Reaksi dari dunia Arab dan negara-negara Global South menunjukkan dukungan moral yang kuat. Banyak diplomat memuji keberanian Presiden Kolombia. Mereka menilai bahwa suara lantang semacam ini diperlukan untuk memecahkan kebekuan PBB yang selama ini kerap dibungkam veto negara adidaya.

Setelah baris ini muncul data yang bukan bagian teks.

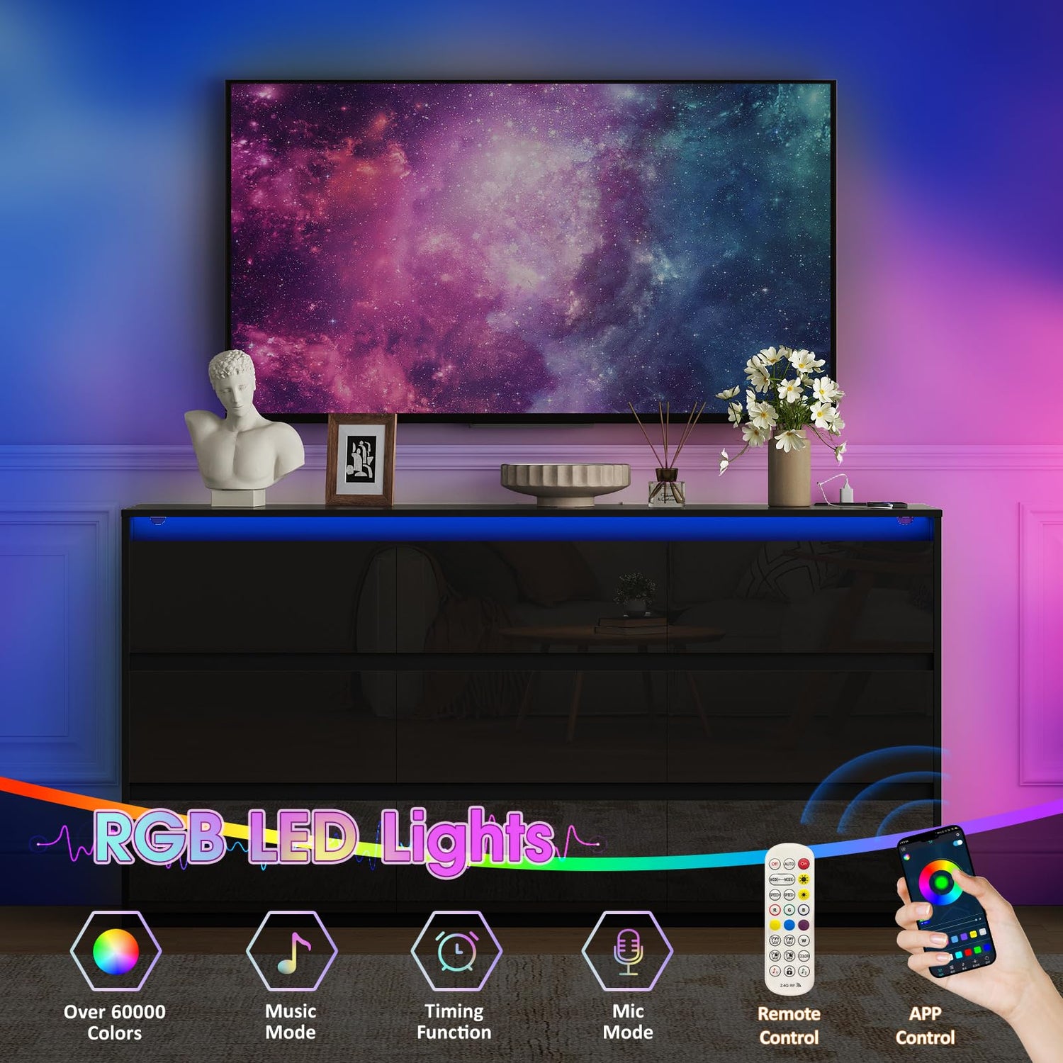 - with Charge Station and LED Light-This is not a dull storage cabinet, it can also be a decoration for your stylish home . We designed the socket and light strip. Following the instructions, you can easily switch the lights on and off on your mobile device and switch different light colours, turn on your speakers and start a nice music light party.

Bagi rakyat Palestina, pernyataan Petro menjadi angin segar. Dukungan terbuka dari pemimpin Amerika Latin mengingatkan bahwa perjuangan mereka bukan hanya urusan kawasan Timur Tengah, tetapi juga masalah kemanusiaan global. Gaza kini menjadi simbol perlawanan terhadap terorisme negara yang disamarkan dengan dalih keamanan.
Narasi Petro juga menimbulkan pertanyaan besar: bagaimana dunia mendefinisikan terorisme? Jika pembantaian massal terhadap sipil tak bersenjata tidak termasuk, maka definisi itu harus diubah. Di sinilah suara Kolombia menjadi penting, mendorong dunia internasional untuk berani menggunakan istilah yang tepat.

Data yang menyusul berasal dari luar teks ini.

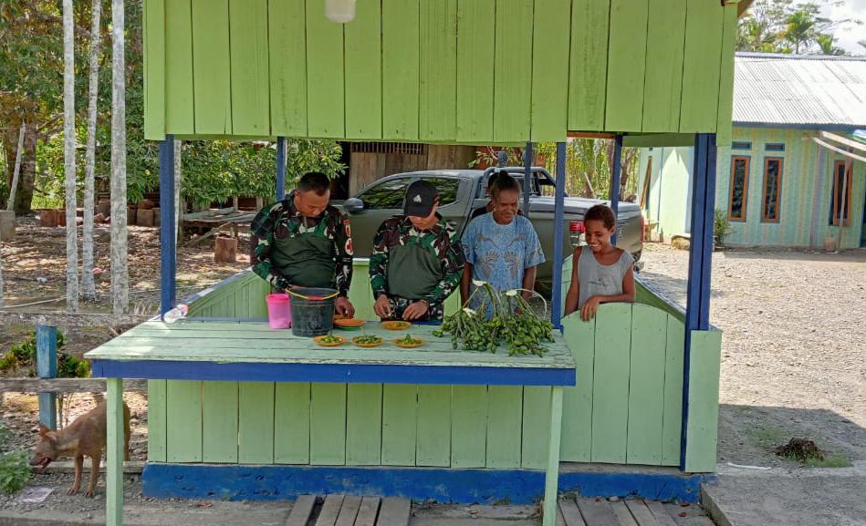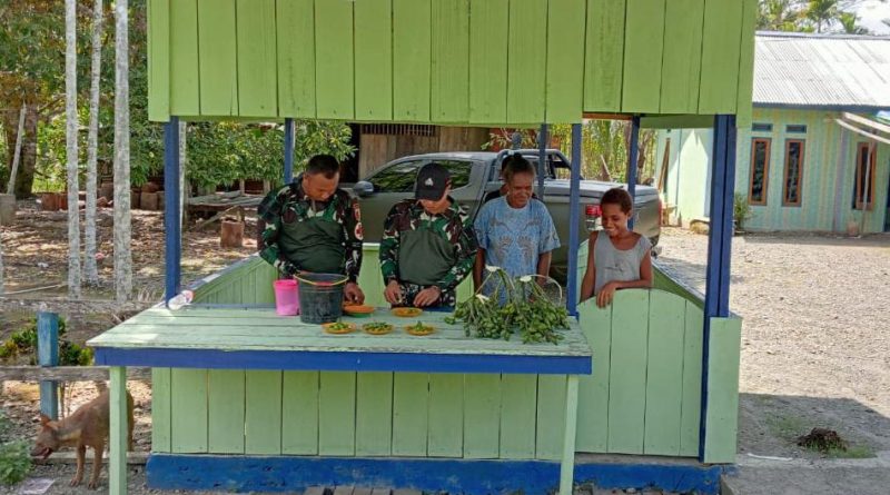 Wadansatgas Yonif 512/QY Turun Langsung Bantu Masyarakat Senggi Panen Pinang

Tidak bisa dipungkiri, negara-negara yang terus mendukung Netanyahu kini berada dalam sorotan. Dukungan mereka dinilai bukan hanya politik praktis, tetapi juga pembenaran atas kejahatan. Jika genosida adalah terorisme, maka mereka adalah bagian dari rantai ideologi teroris.
Petro tidak sendirian. Beberapa pemimpin lain, termasuk Presiden Turki Recep Tayyip Erdoğan dan Presiden Afrika Selatan Cyril Ramaphosa, juga lantang menyuarakan hal serupa. Namun, keberanian Petro menyebut genosida secara eksplisit di forum PBB memberi bobot lebih besar.
Sejumlah analis menyebut bahwa dunia kini memasuki fase baru dalam diplomasi Palestina. Dukungan tanpa syarat kepada Israel semakin dipandang berbahaya, bukan hanya bagi rakyat Palestina, tetapi juga bagi kredibilitas hukum internasional.
Jika PBB benar-benar ingin menjalankan mandatnya, genosida di Gaza harus segera dihentikan. Dukungan Kolombia menjadi salah satu suara moral yang mendesak lembaga dunia untuk tidak lagi diam.
Bagi sejarah, pidato Petro bisa dikenang sebagai titik balik. Dunia akan melihat apakah komunitas internasional memilih keberpihakan pada kemanusiaan atau tetap terjebak pada politik kepentingan yang melindungi genosida.
Akhirnya, suara Kolombia bukan hanya membela Palestina, tetapi juga membela prinsip dasar kemanusiaan. Dukungan ini menjadi penegasan bahwa genosida adalah terorisme, dan siapa pun yang mendukungnya, dengan sadar atau tidak, telah ikut menebarkan ideologi teroris di panggung global.